::: EXTRACTED ENTRIES

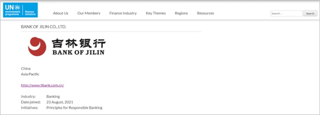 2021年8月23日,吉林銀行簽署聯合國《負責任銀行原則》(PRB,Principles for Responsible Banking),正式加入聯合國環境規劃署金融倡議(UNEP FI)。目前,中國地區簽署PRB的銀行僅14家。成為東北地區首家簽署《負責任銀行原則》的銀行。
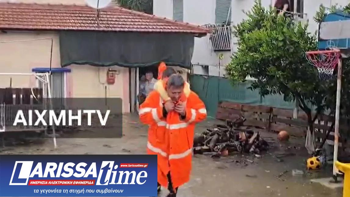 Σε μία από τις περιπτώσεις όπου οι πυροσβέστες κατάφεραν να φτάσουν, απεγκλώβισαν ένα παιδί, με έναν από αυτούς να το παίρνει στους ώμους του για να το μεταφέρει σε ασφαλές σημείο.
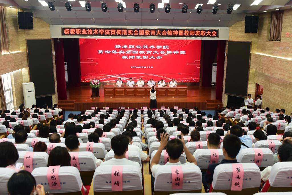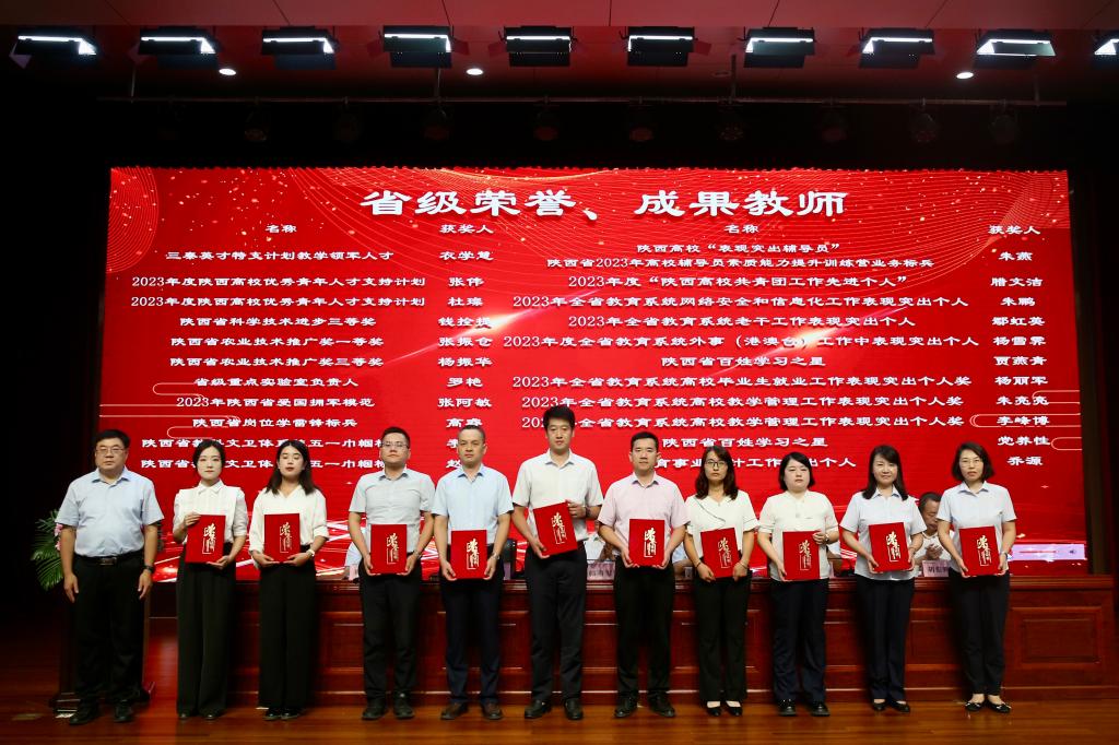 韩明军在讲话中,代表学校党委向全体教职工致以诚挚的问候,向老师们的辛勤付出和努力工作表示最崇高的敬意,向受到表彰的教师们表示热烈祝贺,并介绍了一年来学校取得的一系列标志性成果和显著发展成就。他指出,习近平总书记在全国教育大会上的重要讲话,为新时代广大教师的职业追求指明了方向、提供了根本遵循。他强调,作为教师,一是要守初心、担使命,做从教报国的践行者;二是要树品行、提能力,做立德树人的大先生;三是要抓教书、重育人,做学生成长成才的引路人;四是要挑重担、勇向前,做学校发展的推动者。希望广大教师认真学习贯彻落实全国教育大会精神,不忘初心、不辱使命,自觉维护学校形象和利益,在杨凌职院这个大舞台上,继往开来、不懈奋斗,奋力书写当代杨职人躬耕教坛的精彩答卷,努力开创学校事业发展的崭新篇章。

::::::
::: EXTRACTED ENTRIES

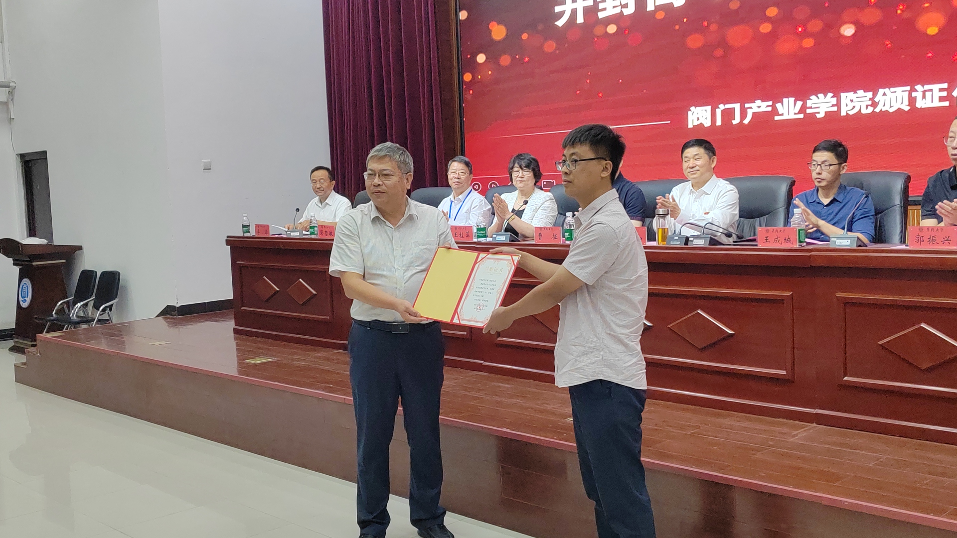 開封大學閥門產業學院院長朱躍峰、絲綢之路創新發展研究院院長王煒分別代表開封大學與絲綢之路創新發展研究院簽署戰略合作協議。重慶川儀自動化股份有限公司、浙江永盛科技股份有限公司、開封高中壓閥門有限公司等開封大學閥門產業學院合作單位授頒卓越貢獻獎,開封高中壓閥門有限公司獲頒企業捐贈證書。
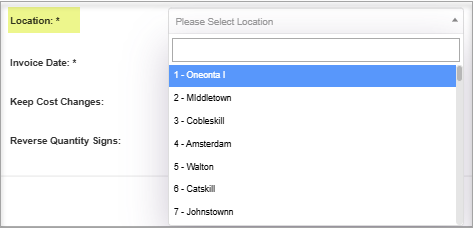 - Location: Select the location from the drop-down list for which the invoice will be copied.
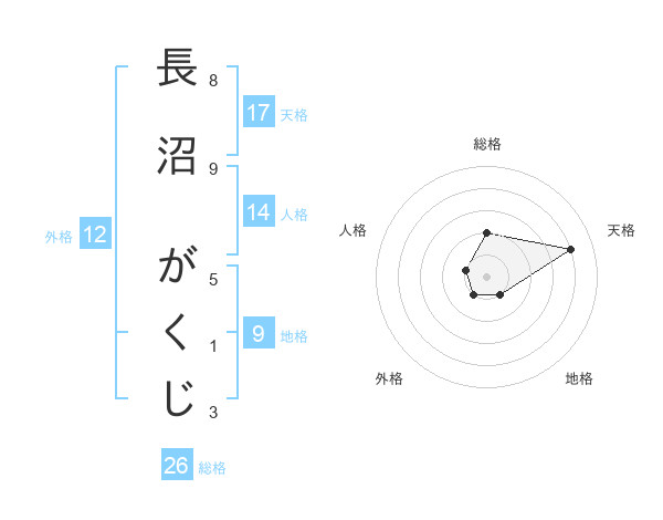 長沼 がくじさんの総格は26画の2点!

::::::
::: EXTRACTED ENTRIES

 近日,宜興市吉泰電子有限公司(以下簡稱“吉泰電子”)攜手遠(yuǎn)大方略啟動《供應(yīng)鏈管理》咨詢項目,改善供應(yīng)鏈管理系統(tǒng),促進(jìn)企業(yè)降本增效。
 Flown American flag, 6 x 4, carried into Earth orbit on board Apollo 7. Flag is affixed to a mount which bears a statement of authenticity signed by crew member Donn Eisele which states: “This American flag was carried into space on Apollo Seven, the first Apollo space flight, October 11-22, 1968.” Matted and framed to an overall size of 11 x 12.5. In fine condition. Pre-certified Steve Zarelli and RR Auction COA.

::::::

AIM OF THE EXERCISE: In the entries above, find the line with "2021年8月23日,吉林銀行簽署聯合國《負責任銀行原則》(PRB,Principles for Responsible" and the line with "Σε μία από τις". Write out exactly those two lines and every line between them, pictures excluded.

RESPONSE:
 2021年8月23日,吉林銀行簽署聯合國《負責任銀行原則》(PRB,Principles for Responsible Banking),正式加入聯合國環境規劃署金融倡議(UNEP FI)。目前,中國地區簽署PRB的銀行僅14家。成為東北地區首家簽署《負責任銀行原則》的銀行。
 Σε μία από τις περιπτώσεις όπου οι πυροσβέστες κατάφεραν να φτάσουν, απεγκλώβισαν ένα παιδί, με έναν από αυτούς να το παίρνει στους ώμους του για να το μεταφέρει σε ασφαλές σημείο.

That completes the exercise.